Twenty-four RCTs involving 1,472 patients were included .
The agreement between quality raters was high (reliability coefficient 0.72; p=0.0015) and scores were averaged for the review.
Acupuncture (8 RCTs): the quality score ranged from 44 to 69%.
1. High-quality trials (4 RCTs with 99 patients): the quality scores ranged from 61 to 69%, and the average treatment duration was 52.2 days. Three RCTs compared acupuncture with sham treatment and reported inconsistent results: 1 RCT reported equivalence of outcome, the other 2 small RCTs reported a significant reduction in headache frequency with acupuncture but involved only 39 patients.
2. Other trials (4 RCTs with 173 patients): the quality scores ranged from 44 to 50%, and the average treatment duration was 99 days. Control interventions were: sham (1 RCT), no-treatment or occlusal splint control (1 RCT), medication (1 RCT) and physiotherapy (1 RCT). Three RCTs reported less frequent headaches in the acupuncture treatment groups.
3. Tension-type headaches (264 patients): results were inconsistent.
Spinal manipulation (6 RCTs with 286 patients): the quality scores ranged from 56 to 80%. The efficacy of spinal manipulation could not be determined.
Patients suffered from: tension-type headache (3 RCTs), cervicogenic headache (2 RCTs) and post-traumatic headache (1 RCT). No trial included an exclusively sham or placebo-type control and five different control therapies were used.
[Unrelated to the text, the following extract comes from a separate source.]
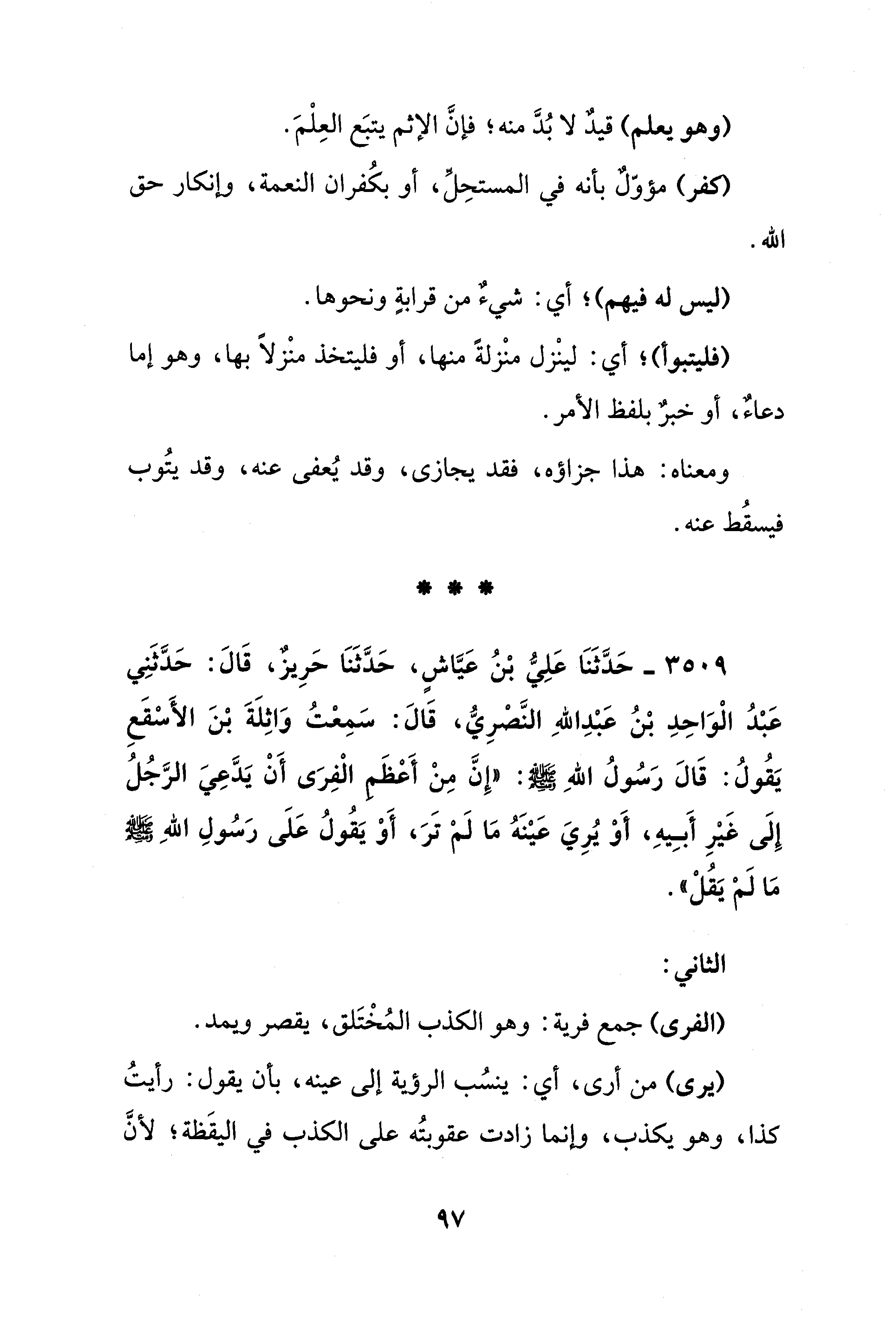 3509 - حَدَّثَنَا عَلِيُّ بْنُ عَيَّاشٍ، حَدَّثَنَا حَرِيزٌ، قَالَ: حَدَّثَنِي عَبْدُ الْوَاحِدِ بْنُ عَبْدِ اللهِ النَّصْرِيُّ، قَالَ: سَمِعْتُ وَاثِلَةَ بْنَ الأَسْقَعِ يَقُولُ: قَالَ رَسُولُ اللهِ - صلى الله عليه وسلم -: "إِنَّ مِنْ أَعْظَمِ الْفِرَى أَنْ يَدَّعِيَ الرَّجُلُ إِلَى غَيْرِ أَبِيهِ، أَوْ يُرِيَ عَيْنَهُ مَا لَمْ تَرَ، أَوْ يَقُولُ عَلَى رَسُولِ اللهِ - صلى الله عليه وسلم - مَا لَمْ يَقُلْ".

There was some inconsistency regarding diagnostic classification.
Electrotherapy (4 RCTs, including 507 patients with tension-type headaches): the quality scores ranged from 39 to 61%. Three RCTs (1 high and 2 moderately high quality) reported greater benefit from electrotherapy than placebo.
Physiotherapy (3 RCTs with 147 patients): the quality scores ranged from 33 to 58%. Physiotherapy involved multi-modality programmes (all including TENS) making it impossible to determine the effect of individual treatment components. Control therapies were: acupuncture, attention control, and medication and biofeedback. All 3 RCTs reported greater benefit from additional physiotherapy.
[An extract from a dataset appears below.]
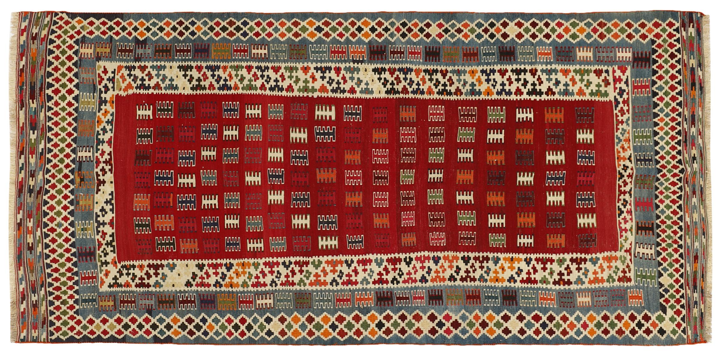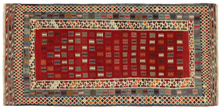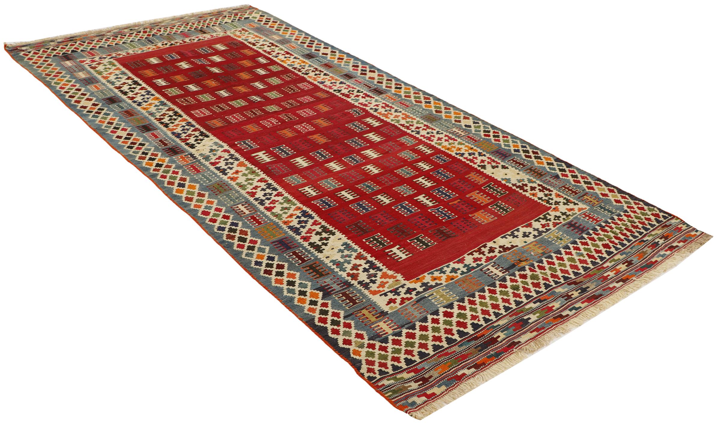 Denne håndvævede kelim fars kombinerer persiske mønstre og ornamenter med traditionen med flade vævninger. En fantastisk og moderne kombination af de mest populære koncepter fra Orienten. Dette skaber et tæppe med en bred vifte af anvendelser. Hvad enten det er som sengetæppe eller som tæppe foran sofaen – en Fars kelim gør det muligt og kan nu findes i de mest kendte indretningsmagasiner. Kilim Fars-tæpper er vævet i hånden i Iran og er derfor blandt kelimer af højeste kvalitet.

Massage: no RCTs were found.
Homeopathy (1 RCT with 98 patients, of which approximately half had tension-type headache): the quality score was high (86%). The study was methodologically rigorous with double-blinded placebo control. No difference in efficacy between treatments was found.
Tiger Balm (1 RCT with 57 patients): the quality score was high (72%). Tiger Balm and paracetamol produced significantly greater pain relief than a topic placebo for one episode of headache. There was no difference between Tiger Balm and paracetamol.
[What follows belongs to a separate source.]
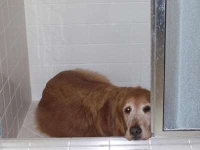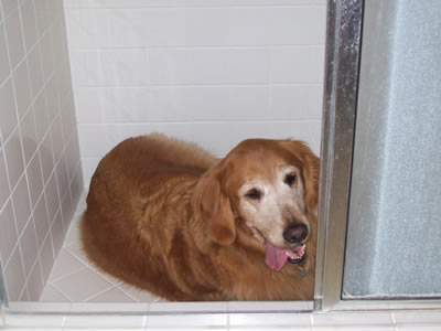 She is outgoing and kisses our houseguests (human and canine). Watch out when you climb out of the shower—she'll put her cold nose on your bare skin! And every now and then, when she’s overflowing with joie de vivre, she’ll exuberantly jump up & slam her feet into our chests—oooof! That gal can pack a punch. Elderly, tiny, &unsteady folks might have a problem with such enthusiastic displays of affection.

Therapeutic touch (1 RCT with 60 patients): the quality score was moderately high (47%). After a 5-minute intervention, those patients who received the intervention experienced twice as much pain relief as the control group, both immediately and after 4 hours.
The included studies were hampered by a lack of provider blinding, monitoring of adverse effects, long-term follow-up and intention to treat analysis.